L’arrivée de Free Mobile contraint SFR à faire des économies
Vivendi dévoile ce soir, après la fermeture de la Bourse de Paris, l’ampleur des dégâts provoquée chez SFR par l’arrivée mi-janvier de Free Mobile. Entre le 1er janvier et le 29 février, l’opérateur de téléphonie mobile avait déjà perdu, en net, 208.000 clients, soit 1% de sa base. En ajoutant le mois de mars, la perte pourrait atteindre 300.000 clients abonnés, estime Exane BNP Paribas. Orange, le numéro un du marché, a pour sa part perdu 615.000 clients au premier trimestre, dont 387.000 abonnés, le solde venant des offres prépayées. Bouygues annoncera ses chiffres demain soir. Au total, selon les prévisions des analystes, Free Mobile, dont les données officielles pourraient être dévoilées demain, aurait gagné 2,5 à 3 millions de clients en moins de trois mois. Mais environ la moitié auraient souscrit des offres gratuites ou à 2 euros par mois, souvent en plus de leur abonnement chez un autre opérateur.

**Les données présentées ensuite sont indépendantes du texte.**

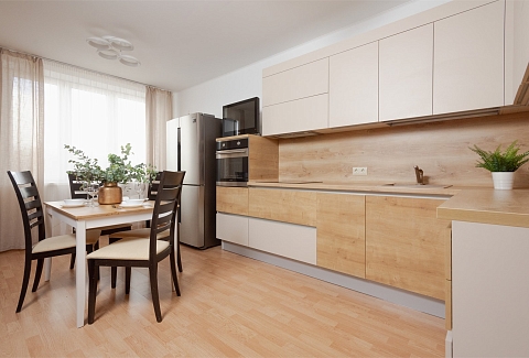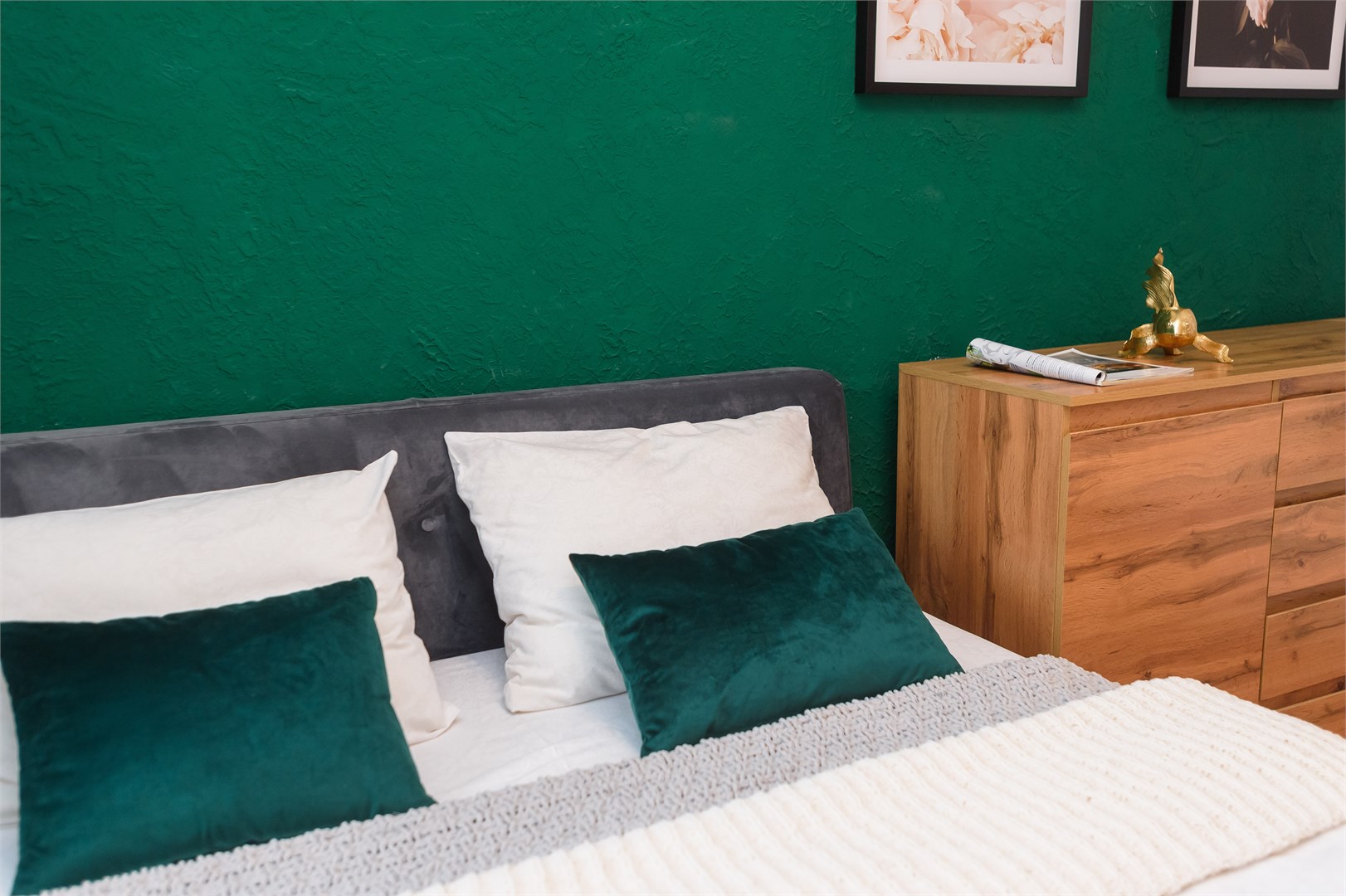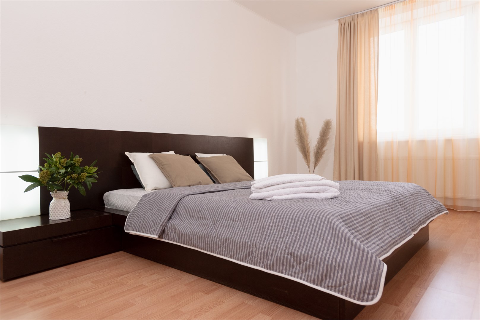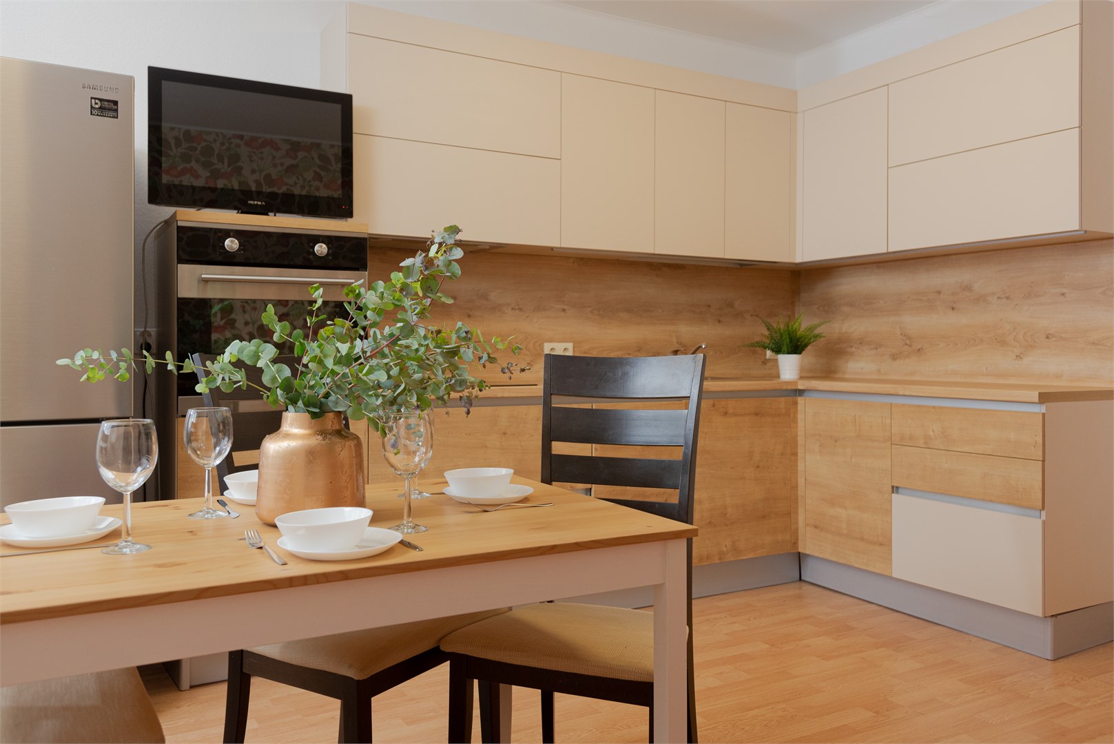 В номере: вешалка, диван раскладной, зеркало, кровать двуспальная, прикроватные тумбочки, стол, стулья, тумба под телевизор, шкаф, гладильная доска, духовой шкаф, микроволновая печь, набор посуды, плита электрическая, стиральная машина, сушилка для белья, телевизор, утюг, холодильник, электрочайник

Depuis quelques semaines, les concurrents de Free Mobile tentent de rassurer en affirmant que le pic de désabonnement est derrière eux. Pour autant, l’érosion du marché provoquée par l’arrivée du nouvel entrant est loin d’être contenue. Elle se poursuivra au fur et à mesure des baisses de tarifs appliquées à la base de clientèle. Les analystes de Credit Suisse s’attendent ainsi à un repli du chiffre d’affaires mobile de SFR jusqu’en 2014, avec une reprise de seulement 1% en 2015. Entre fin 2010 et fin 2014, l’opérateur pourrait ainsi perdre 1,7 milliard de chiffre d’affaires dans la téléphonie mobile, et 1 milliard d’excédent brut d’exploitation (Ebitda). Une dégradation majeure pour le groupe: l’activité mobile de SFR représente à elle seule 30% de l’Ebitda consolidé de Vivendi.
Dans ce contexte, la direction de SFR a rappelé vendredi aux représentants du personnel sa volonté de mettre en œuvre un «plan d’adaptation» de l’opérateur. Selon des chiffres rapportés par Bloomberg, et non commentés par le groupe, ce plan pourrait prévoir 450 millions d’euros d’économies annuelles, notamment via des suppressions de postes. Un chiffre cohérent, sachant que Bouygues Telecom a déjà prévu de réduire ses charges de 300 millions d’euros par an, sans suppression de postes. Selon Exane BNP Paribas, entre 2011 et 2014, SFR pourrait avoir à baisser de 900 millions d’euros sa structure de coûts pour faire face à 1,8 milliard de revenus en moins.